I returned to historic St. Paul’s Chapel where George Washington was inaugurated as President of the United States. It had been transformed from a place of worship into a respite center for the workers at Ground Zero. A place of worship was revealing the meaning of service.
Inside cots were set up for workers to nap on, food was served to them from the kitchens of New York’s finest restaurants, massages were offered to exhausted and stressed workers many of whom had not seen home in days.

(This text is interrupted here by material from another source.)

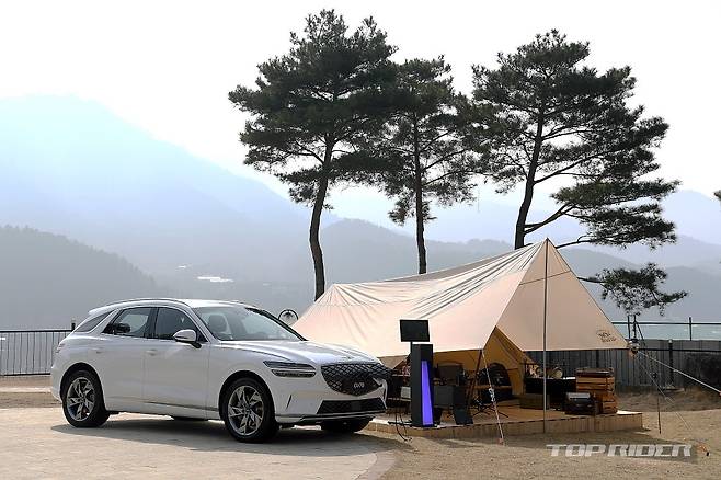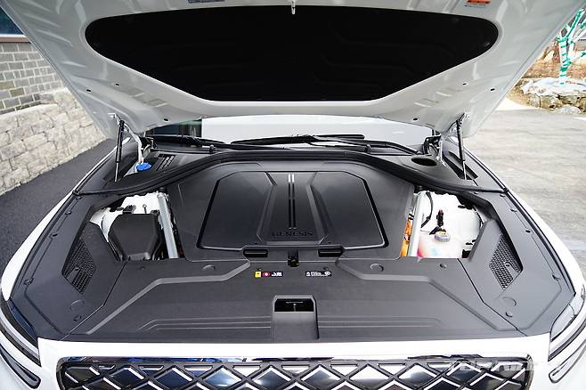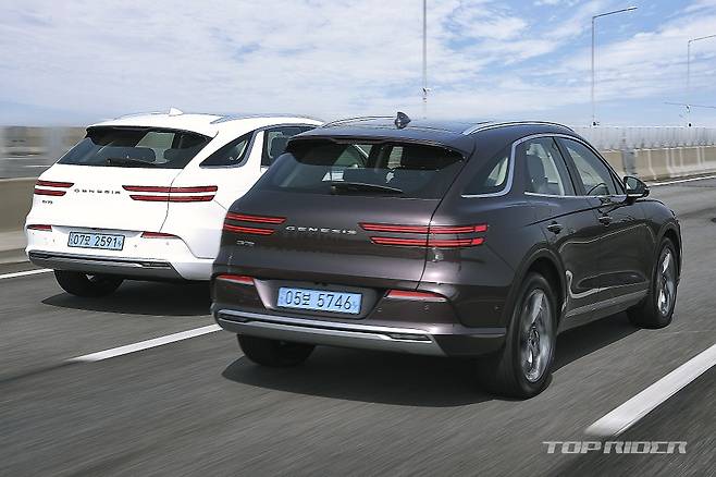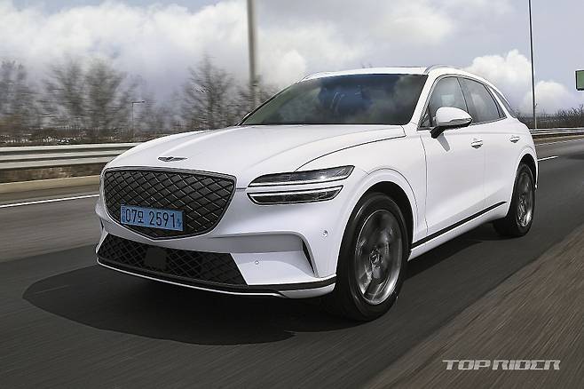 전자식 서스펜션은 90km/h 기점으로 좌우 롤을 억제하고, 스포츠 모드에서는 댐퍼가 단단해져 노면 정보를 전달하기 시작한다. 탄탄함을 기반으로 하지만 승차감을 강조한 설정이다. GV70 내연기관 모델의 서스펜션을 그대로 옮겨 무게만 증가한 것처럼 느껴진다.

That night as I travelled on a train to rural Connecticut I realized that I was leaving a place where terror had ripped the veil of American innocence. I was heading to the bucolic beauty of a conference center alongside a river surrounded by the resplendent beauty of the colors of the last changing leaves of fall. My destination felt both like a dislocation from the reality of Ground Zero and a reminder of human beauty coexisting with it.
On the train ride I remembered some lines from Yeats – “I have spread my dreams under your feet. Tread softly because you tread on my dreams.” I wondered, as I still do, how we will tread softly on the dreams of the Holy for the entire human family.

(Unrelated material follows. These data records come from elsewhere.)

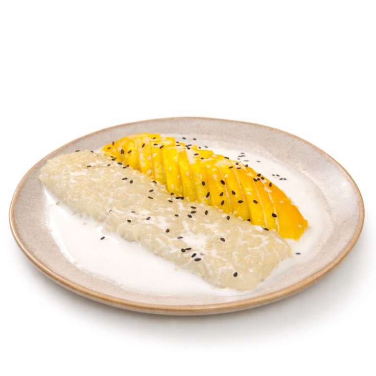 Le mango sticky rice est un dessert traditionnel d'Asie du Sud-Est et d'Asie du Sud fait à base de riz gluant, de mangue fraîche et de lait de coco.
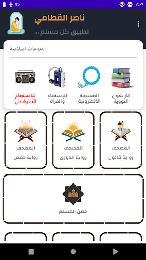 The user needs to download the Nasser Al-Qatami application without the Internet to provide sufficient space on the phone’s internal memory. Nasser Al-Qatami also contains a complete Qur’an without the Internet on the complete Muslim remembrances and also Hisn Al-Muslim without the Net.
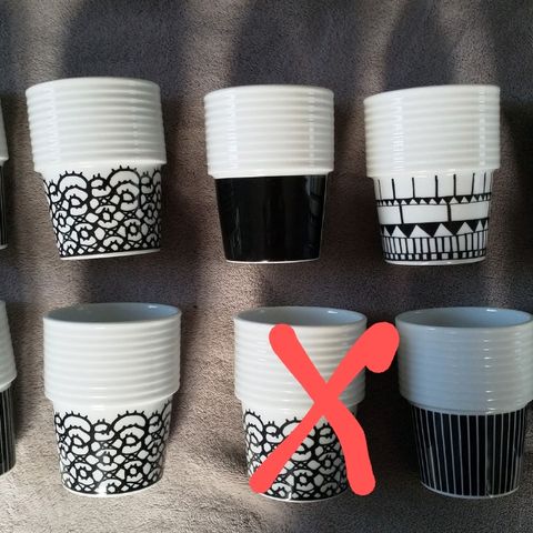 Myydään Rörstrandin mustavalkoiset Filippa K -mukit, 2kpl. Mukit pinottavia. Myydään yhdessä, hinta yhteensä 20€. Nouto Kalliosta.

Perhaps the answer lies beyond the memories of the carnage of Ground Zero in the other story of Ground Zero. It was a story of people uniting in their common humanity across boundaries of religion, place or race. Selflessness was unassumingly assumed. Holy sparks of light were present in the determination to overcome the darkness of what had happened. Anger, loss and grief were giving way to oneness discovered in service and generous hearts at work.
I don’t know your memories and experiences of Ground Zero but mine were transformative. 9/11 and Ground Zero still beckon with the invitation to oneness that takes us beyond our own memories and into the well-being of all. We’re still invited to be holy sparks for goodness and repairing the world.